- [EXERCISE OBJECTIVE]:
For this exercise, copy exactly only the lines from the one containing "Esse truque com" to the final line of the material below, without the pictures.

- [DATA PROVIDED]:

^^^^

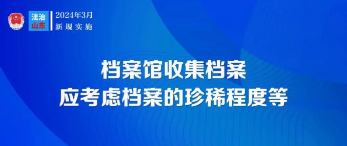 《中华人民共和国档案法实施条例》3月1日起实施。其中规范档案收集管理,明确归档责任和移交责任,要求档案馆收集档案应当遵守国家有关规定,考虑档案的珍稀程度、内容的重要性等。
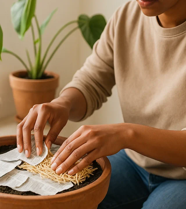 Esse truque com jornal evita o ressecamento da terra e reduz a rega pela metade
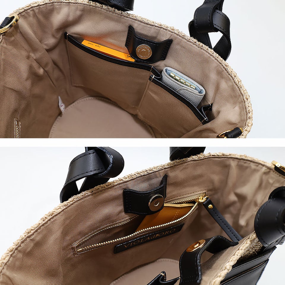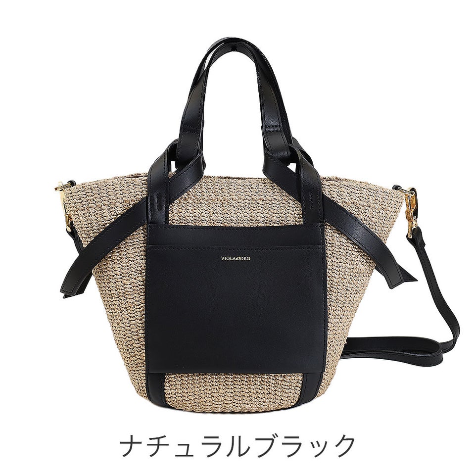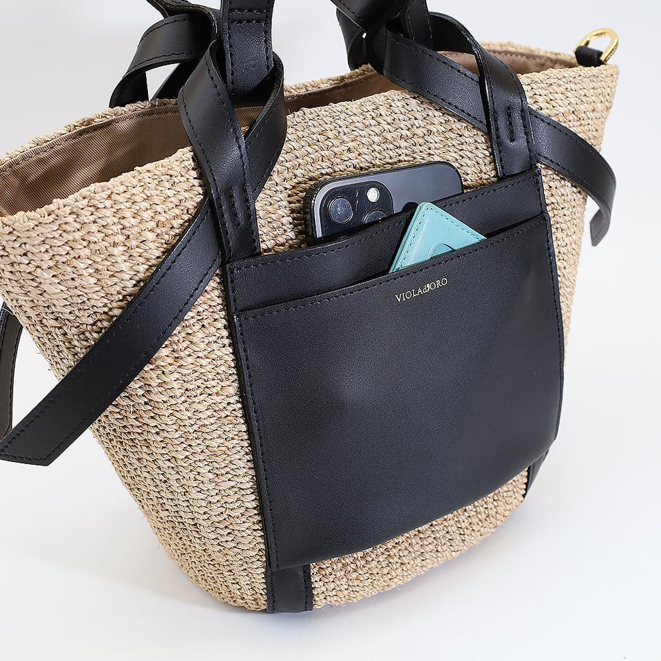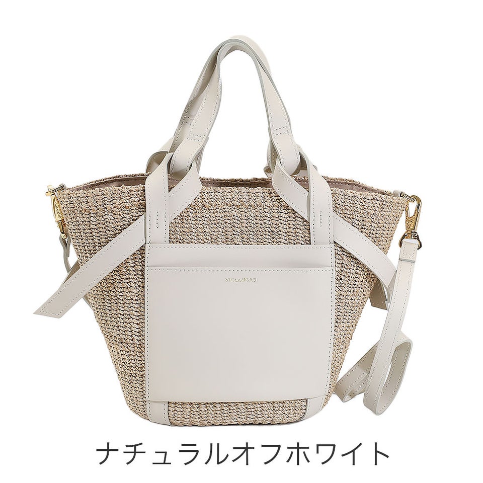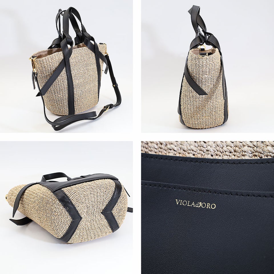 舟形のアバカボディにレザーポケットとハンドルを組み合わせたデザインがポイント。ナチュラル素材とレザーのコントラストが上品なアクセントになり、大人の装いに自然と馴染みます。シンプルながら洗練されたディテールが、ヴィオラドーロらしい品のある雰囲気を演出します。

^^^^

- [PROBLEM SOLUTION]:
 Esse truque com jornal evita o ressecamento da terra e reduz a rega pela metade
 舟形のアバカボディにレザーポケットとハンドルを組み合わせたデザインがポイント。ナチュラル素材とレザーのコントラストが上品なアクセントになり、大人の装いに自然と馴染みます。シンプルながら洗練されたディテールが、ヴィオラドーロらしい品のある雰囲気を演出します。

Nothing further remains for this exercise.